I did query Jonathan Dube, editorial director of CBC.ca, but haven’t heard back from him to hear his views on the problem of discussions being hijacked by activists. Dan Harris, a New Democratic Party candidate in Scarborough Southwest who finished third out of six candidates in his riding, told me his only complaint about Riding Talk was that moderation of the forums sometimes slowed them up.

“Personally I am definitely a fan of any discussions that take place about the local ridings,” Harris told me via email. “There are several websites that were doing this, or having boards to help predict outcomes. You tend to get much more honest commentary on these places, partially because of the pseudo-anonymity and because people are volunteering info rather then getting it pried out of them.

“Naturally I would prefer it if we could have unmoderated discussions but I certainly understand the potential legal ramifications so I don’t begrudge the CBC and most other sites making their discussions moderated.
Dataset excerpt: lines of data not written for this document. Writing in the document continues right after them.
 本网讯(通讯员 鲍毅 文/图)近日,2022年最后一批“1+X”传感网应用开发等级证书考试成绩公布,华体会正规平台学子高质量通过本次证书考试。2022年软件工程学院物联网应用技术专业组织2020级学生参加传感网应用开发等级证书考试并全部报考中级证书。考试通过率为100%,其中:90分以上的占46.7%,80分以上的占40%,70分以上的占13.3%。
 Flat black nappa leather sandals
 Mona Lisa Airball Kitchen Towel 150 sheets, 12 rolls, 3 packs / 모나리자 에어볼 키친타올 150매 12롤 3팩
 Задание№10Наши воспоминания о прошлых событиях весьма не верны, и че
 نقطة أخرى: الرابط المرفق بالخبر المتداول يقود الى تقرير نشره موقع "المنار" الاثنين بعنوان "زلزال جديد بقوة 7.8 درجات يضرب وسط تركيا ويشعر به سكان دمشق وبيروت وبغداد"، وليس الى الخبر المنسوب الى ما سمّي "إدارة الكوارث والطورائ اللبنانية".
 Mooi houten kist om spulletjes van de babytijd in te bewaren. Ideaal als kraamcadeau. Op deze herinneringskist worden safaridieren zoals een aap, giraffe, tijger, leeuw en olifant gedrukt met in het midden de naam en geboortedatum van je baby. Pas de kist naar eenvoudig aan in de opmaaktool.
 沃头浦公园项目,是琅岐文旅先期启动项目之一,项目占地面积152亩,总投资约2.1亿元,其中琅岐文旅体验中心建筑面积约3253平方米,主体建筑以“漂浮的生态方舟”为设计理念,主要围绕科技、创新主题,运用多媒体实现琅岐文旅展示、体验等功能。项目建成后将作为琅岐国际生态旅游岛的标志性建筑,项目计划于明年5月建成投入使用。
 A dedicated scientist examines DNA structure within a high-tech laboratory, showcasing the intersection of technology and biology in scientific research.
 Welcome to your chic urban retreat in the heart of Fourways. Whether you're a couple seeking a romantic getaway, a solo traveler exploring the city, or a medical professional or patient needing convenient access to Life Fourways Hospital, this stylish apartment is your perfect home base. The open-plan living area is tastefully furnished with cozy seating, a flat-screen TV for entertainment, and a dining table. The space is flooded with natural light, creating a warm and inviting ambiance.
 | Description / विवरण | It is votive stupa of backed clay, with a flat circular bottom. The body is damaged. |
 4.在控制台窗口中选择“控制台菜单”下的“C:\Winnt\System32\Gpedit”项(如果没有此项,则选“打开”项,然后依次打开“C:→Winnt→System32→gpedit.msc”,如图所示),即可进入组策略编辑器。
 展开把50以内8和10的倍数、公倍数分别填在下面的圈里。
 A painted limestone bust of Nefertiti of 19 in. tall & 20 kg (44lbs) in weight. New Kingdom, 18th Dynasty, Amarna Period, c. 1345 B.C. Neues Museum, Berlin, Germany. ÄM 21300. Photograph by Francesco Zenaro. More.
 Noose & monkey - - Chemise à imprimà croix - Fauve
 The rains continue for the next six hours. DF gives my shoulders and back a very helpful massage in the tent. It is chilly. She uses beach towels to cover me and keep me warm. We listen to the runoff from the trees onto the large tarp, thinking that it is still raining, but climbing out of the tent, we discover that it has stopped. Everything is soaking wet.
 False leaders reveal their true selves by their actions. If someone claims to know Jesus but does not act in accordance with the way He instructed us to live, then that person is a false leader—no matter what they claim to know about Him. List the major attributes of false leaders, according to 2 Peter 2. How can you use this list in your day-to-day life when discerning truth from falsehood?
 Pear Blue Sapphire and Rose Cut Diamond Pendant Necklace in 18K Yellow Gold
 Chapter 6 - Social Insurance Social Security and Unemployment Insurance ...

A little quicker turnaround would be better. Occasionally it would be a few days before responses were posted, and it kind of interrupts the flow of the discussion.”

That’s often a problem with so many moderated discussions. If a moderator takes a holiday or is off her computer for a while, the participants are stuck waiting during a hiatus. But overall, Harris is sold on the idea of online forums as a direct communication line to voters.

“I also appreciated that it gave me another venue where I could contact voters and talk about the issues,” he said. “Oftentimes in election campaigns you’re only able to scrape the surface of most issues. These types of discussion boards offer an opportunity to get a little more in-depth about positions.”

What do you think about politicians engaging in online forums with constituents? Is this the wave of the future? And how can the people who run forums bring in more voters, especially the undecided voters?